'''

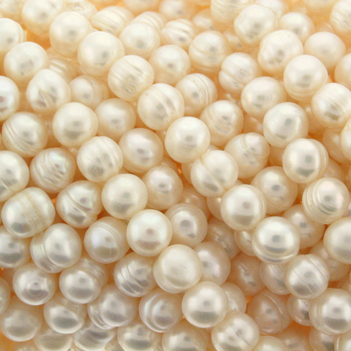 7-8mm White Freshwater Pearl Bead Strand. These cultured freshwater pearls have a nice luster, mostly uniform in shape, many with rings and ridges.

'''
'''

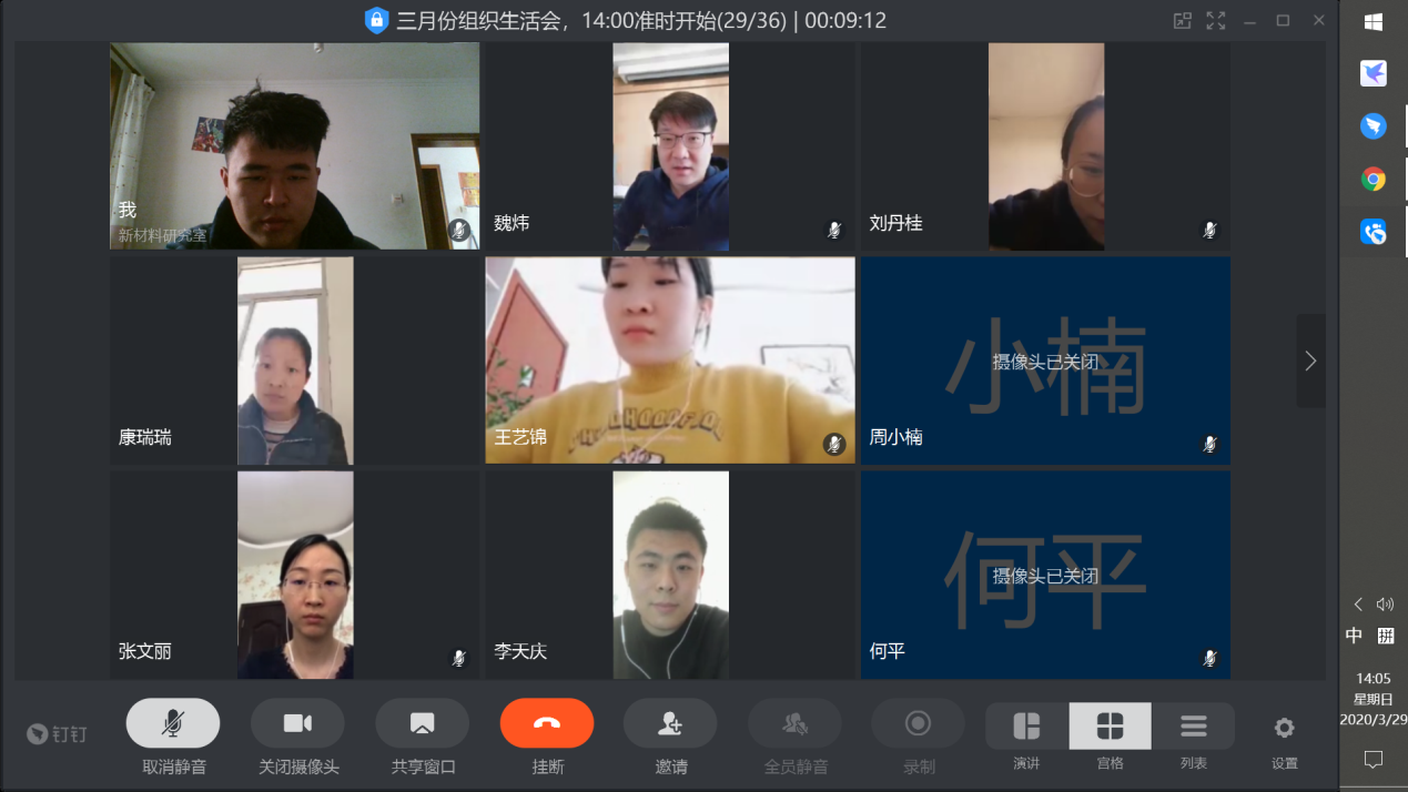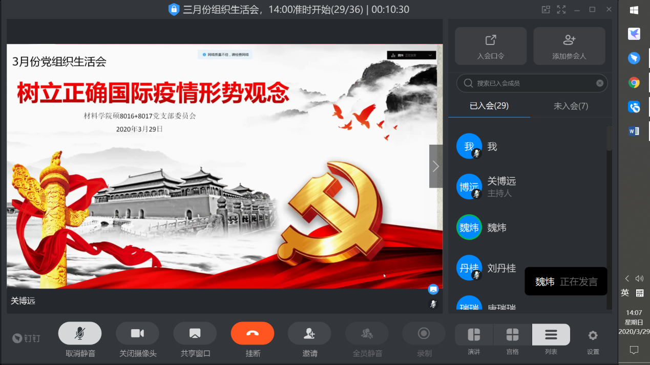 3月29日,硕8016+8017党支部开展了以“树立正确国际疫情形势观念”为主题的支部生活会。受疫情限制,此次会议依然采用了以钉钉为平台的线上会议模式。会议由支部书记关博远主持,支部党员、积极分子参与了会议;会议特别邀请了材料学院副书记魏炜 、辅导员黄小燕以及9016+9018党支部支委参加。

'''
'''

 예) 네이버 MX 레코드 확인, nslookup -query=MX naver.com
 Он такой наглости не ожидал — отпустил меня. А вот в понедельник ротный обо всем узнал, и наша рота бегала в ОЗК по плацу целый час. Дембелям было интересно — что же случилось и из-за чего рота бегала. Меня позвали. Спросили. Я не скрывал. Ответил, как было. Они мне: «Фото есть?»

'''

#### [What you have to do]
In the listing above, find the line with "예) 네이버 MX 레코드" and the line with "Он такой наглости", then print exactly those lines and every line between them.

#### [Task answer]
 예) 네이버 MX 레코드 확인, nslookup -query=MX naver.com
 Он такой наглости не ожидал — отпустил меня. А вот в понедельник ротный обо всем узнал, и наша рота бегала в ОЗК по плацу целый час. Дембелям было интересно — что же случилось и из-за чего рота бегала. Меня позвали. Спросили. Я не скрывал. Ответил, как было. Они мне: «Фото есть?»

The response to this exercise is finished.